The AI agent stack has a fundamental design problem. Teams build multi-step agent logic on top of tooling built for single-turn chat. The gateway does not know what evals are. The eval framework does not talk to the router. The observability tool can surface a hallucination, but it cannot tell the gateway to stop routing traffic to the failing model. Every new capability means another vendor, another integration, another thing to break.
Respan, formerly Keywords AI, builds the alternative: a unified control plane that merges LM gateway functions, evaluations, observability, and prompt optimization into a single automated platform. The company, founded by Andy Li and Raymond Huang and backed by Y Combinator (Winter 2024 batch), announced a $5 million seed round in March 2026 led by Gradient Ventures. The pitch is not incremental. It is a structural bet that the next generation of production agents will be routed not by price alone, but by trace patterns, eval signals, and real-time reliability scores.
The numbers are worth pausing on. Respan says it already routes over 80 trillion tokens cumulatively in production, processes more than 1 billion logs and 2 trillion tokens every month, and supports over 6.5 million end users. The customer list includes Retell AI, Mem0, Mercor, AlphaSense, Octolane AI, and Gumloop. For a company that launched as Keywords AI in early 2024, that is a fast climb.
What makes Respan different from the dozen other AI observability and gateway tools is the closed loop. In a fragmented stack, an eval tool detects a hallucination, but the gateway keeps routing traffic to the failing model. Nobody told it to stop. Respan’s gateway is natively coupled with real-time evals. A hallucination trigger in production does not just end up in a log file. It immediately informs the LM router, triggering automated fallbacks to more reliable models or switching to safe-mode prompts. The system learns from its own production traces.
The architecture works in three stages, as described in the Gradient Ventures announcement. First, multi-environment deployment with decoupled dev, staging, and production environments, granular RBAC, load balancing, automated fallbacks, and a managed semantic caching layer. Second, long-context and agent-first consumption: handling edge cases like NGINX tuning and asynchronous logging so that agents hitting 100k-token contexts do not time out. Third, the eval-aware gateway itself, where trace patterns become routing decisions in real time.
This matters because the cost structure of agent workloads is changing. Inference costs have dropped low enough that teams can run agents in loops. But the operational cost of a five-vendor stack is not dropping. Every integration point is a potential failure mode. Teams debugging fragmented traces and manually syncing data across tools spend more time on plumbing than on the agent itself. Respan’s bet is that as agent workloads scale toward trillions of tokens, the teams running unified platforms will lap the teams running Frankenstein stacks.
The timing aligns with a broader shift in the AI infrastructure market. LangChain, Weights and Biases, and Arize AI all offer pieces of the observability and evaluation puzzle.

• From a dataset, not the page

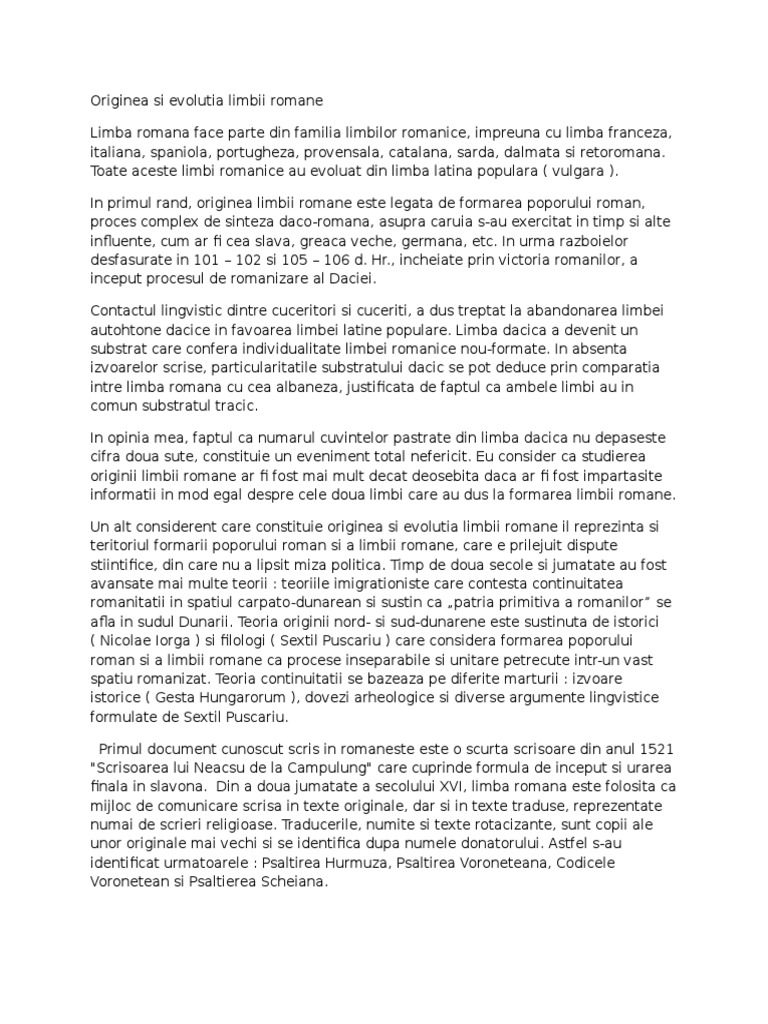Referat Originea Si Evolutia Limbii Romane Romana 45944

But none of them own the gateway. Respan’s insight is that the gateway is the natural control point. If you control the routing layer, you control the feedback loop. You can decide which model gets traffic based on real-time eval signals. You can drain traffic from a failing model before the developer even knows there is a problem.
There is a risk, of course. Unified platforms trade flexibility for coherence. A team that wants to use LangSmith for evals, Portkey for routing, and Datadog for observability will not buy Respan. But the calculus changes when the agent is mission-critical and the stack is breaking under load. The edge cases that take down most stacks at scale, long-context timeouts, async logging under load, and eval signals that never reach the router, are handled at the platform level.
Respan’s founders bring a specific background. Li worked as a product design engineer at Apple, designing parts for AirPods, before dropping out of UIUC. Huang graduated with highest honors in three years and self-mastered software engineering within a year, declining robotics PhD offers from top schools. The team of 15 is based in San Francisco and currently hiring for sales, security engineering, and frontend roles.
The open question is whether the market wants a unified control plane or best-in-class components. Respan’s early traction suggests that teams scaling agents are feeling the pain of fragmentation acutely enough to try a different model. If the eval-aware gateway becomes the default routing layer for production agents, the company has a chance to own the most important piece of the agent infrastructure stack.
What to watch: whether Respan opens its eval-aware routing logic as a protocol that other tools can plug into, or keeps the loop proprietary. The former would accelerate adoption. The latter would protect the moat. Either way, the loop is the product, and the loop is what the fragmented stack cannot deliver.